Photography as a personal project
I have always liked personal projects. A personal project is something you do in your spare time, something to which you dedicate with all your passion and interest and that you do with no obligation, setting your own goals. I am a computer scientist working in the Spanish public administration, and I have always had plenty of spare time that I have dedicated to various interests.
One of them is programming, thanks to which I have developed several shareware projects: software that I have built for myself and then sold from my own website. I also like reading, listening to music and walking, although these are mere hobbies with no goal other than the enjoyment of each of these activities. Since a couple of years ago, photography has become not just a hobby but my newest personal project.
I have been interested in photography for many years. In the beginning, I used to simply take pictures while travelling and at some family events. I was the camera guy there. But when my daughter Fatima started doing Classical Ballet, I wanted to take pictures of her performances at the small theaters where she performed.
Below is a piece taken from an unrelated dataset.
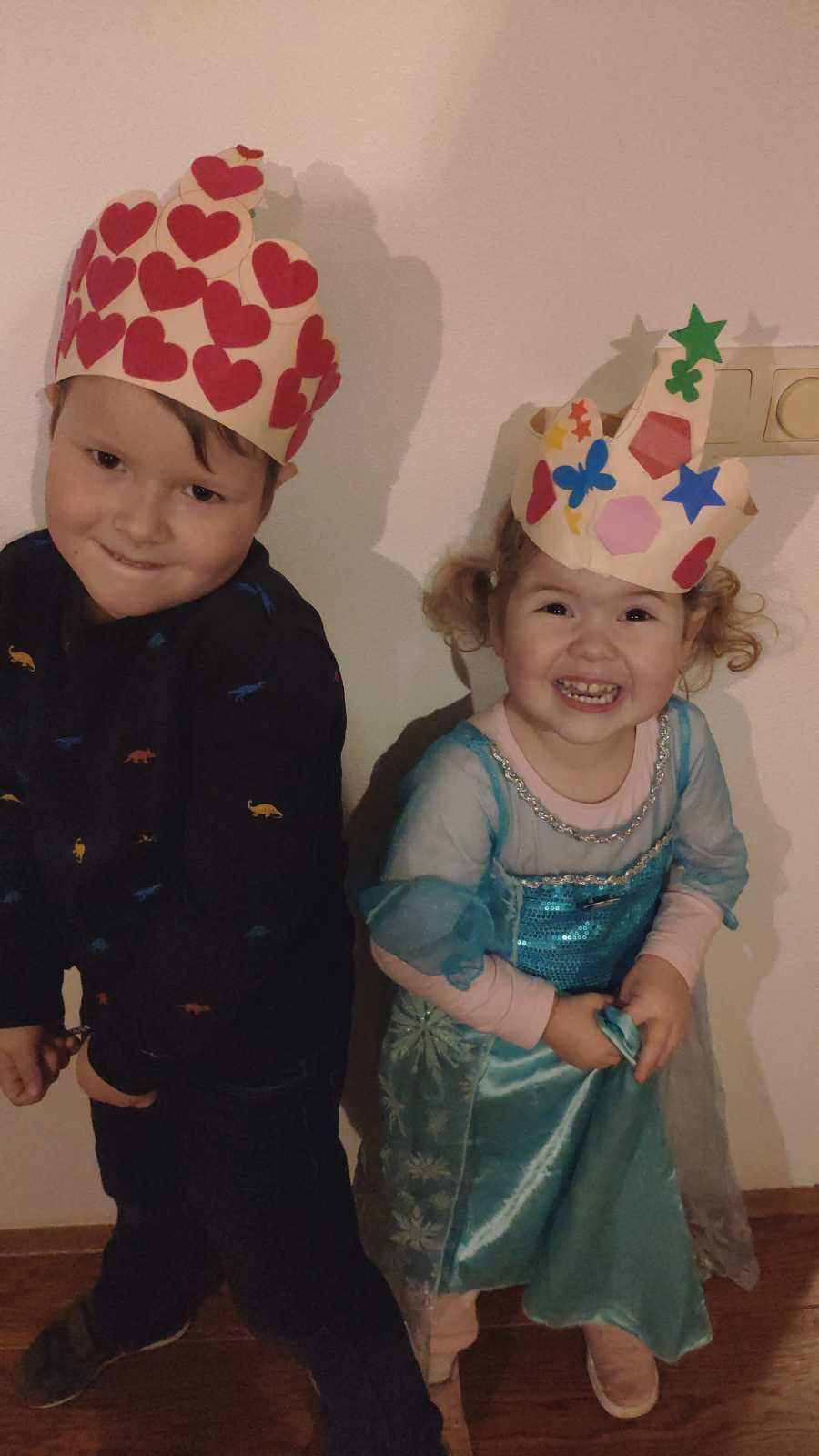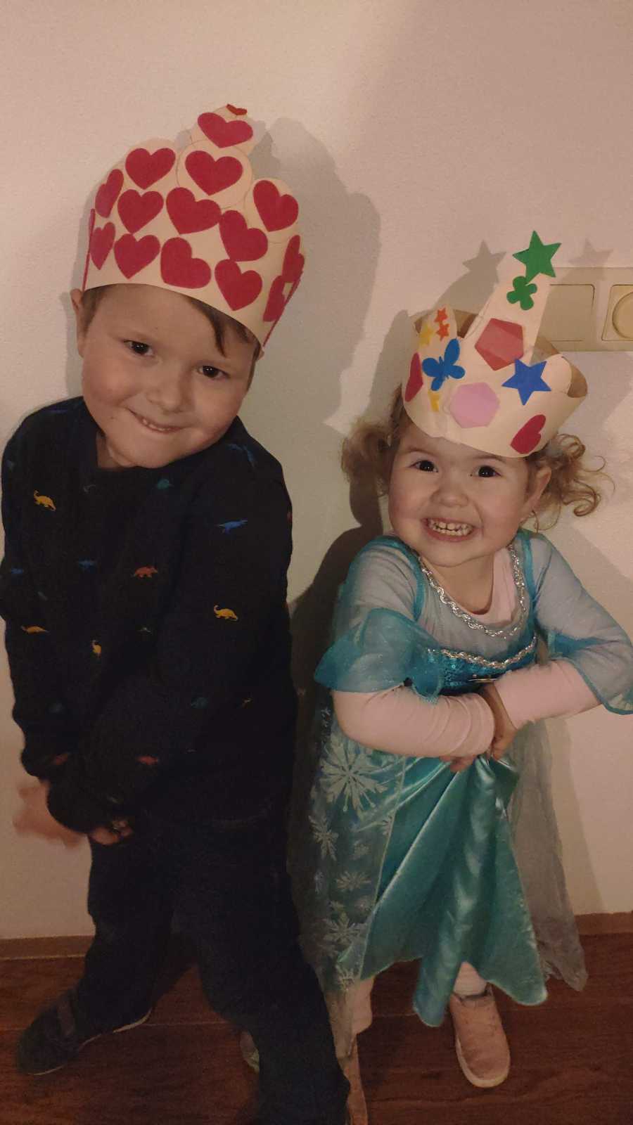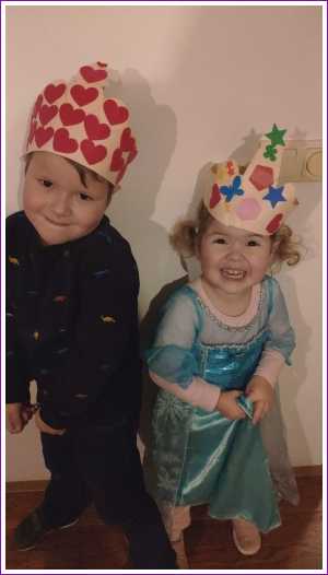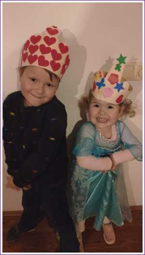 27 januari: Just another day in school, lekker verven. Thuis hebben we nog even geposeerd met een paar mooie kronen die we gemaakt hebben......

That was hell: theaters are dark places, and amateur performances don’t usually have very good light.
At the time, I had a Micro Four-Thirds camera, which I later changed to a Nikon APS-C, but I still couldn’t get the pictures I wanted. About 3 years ago, my friend Alejandro Furti started talking to me about a not so popular camera brand: Fujifilm. I started doing my online research, and in June 2019, I sold all my Nikon gear, including my lenses, and bought a Fujifilm X-T30 with the Fujinon XF18-55mm f2.8-4.
Soon after I switched camera, my photos clearly leveled up. The electronic viewfinder allowed me to make better exposures and spend less time editing. Its size and light weight allowed me to carry the camera anywhere. My love for photography returned.
I love taking pictures in the street, trying to capture the atmosphere of whatever city I’m at. Street photography allows me to do two of my favorite activities: walk randomly around a city and take pictures on the way. When I travel I usually carry the camera on my chest, and I observe the city and take pictures of everything that catches my attention.
I also carry the camera when I do other activities, such as participating in the Moors and Christians festivities in Novelda, the town where I live. Taking pictures while marching at the parades is great fun and gives you an unusual perspective for this kind of photos.
In Autumn 2019, shortly after buying my X-T30, I bought a book that strongly influenced the way I take photographs. The book is ‘Microgeographies of Madrid’ by Belén Bermejo, an editor of fiction and poetry books who was also a photography enthusiast and sadly passed away in June 2020.
The book begins by explaining that microgeographies are everyone’s particular maps, the ‘non-places’, or the places without enough entity to be considered as such. Anonymous or in-transit places. In the book, Belén shows photographs of her microgeographies together with texts written in a beautifully poetic style.
The book made me reflect on the possibility of taking photos of the everyday: those places that you pass by so many times daily without even noticing but often are of great beauty. I decided to talk to my colleagues of the Photographic Association of Novelda about the book and we agreed to start a collective project on the microgeographies of Novelda, which is currently open to contributions.
The project Microgeographies of Novelda has made me revisit my town with a more relaxed perspective, finding ‘not-places’ that are as beautiful as unexpected, observing how the city changes from the morning to the afternoon, from one season to another, from sunny to cloudy days. A return to photographing the everyday, to enjoying photography on a daily basis without having to wait for big trips or extraordinary events.
As a personal challenge, I decided to put two restrictions on myself when I started the microgeography project: I would only use prime lenses, and I would use ClassicChrome film simulation as a starting point when processing. I bought a Fujinon XF27 F2.8 due to its small size and low price, and I started going out on Sunday afternoons to take pictures.
The Fujinon XF27mm is a fantastic lens, small and very sharp, however, I decided to sell it and buy a Fujinon XF23mm F2 WR. The reason for this change was that with the 27mm I felt like I was missing a little bit of width; those extra 4mm, in terms of full-frame equivalency, were important for the type of photos I wanted to take, and the XF23 was the right lens for it.
The Fujinon XF23 has since become my favorite lens, its optical quality and focus speed are incredible, and I feel very comfortable using it. The only downside I find is that it is significantly bigger than the XF27. If I could design the perfect lens for myself, that would definitely be an XF23 F2 but in pancake size, similar to the XF27.
Currently, my photography equipment consists of a Fuji X-T30, a Fuji X-E2, an XF18-55mm F2.8-4 lens, an XF23 F2 WR lens and a Samyang 12mm f2 lens. I use Peak Design straps, and I really like square hoods. I think this equipment is enough to accomplish my photography personal projects comfortably.
“My name is José Luis. I am Esther’s husband and father of Fátima and Marcos. I work as a computer specialist and, when not with my family. I spend time reading, walking, programming and taking photos. I have spent plenty of time with other cameras, but fortunately, I am a Fuji fanboy since 2019.”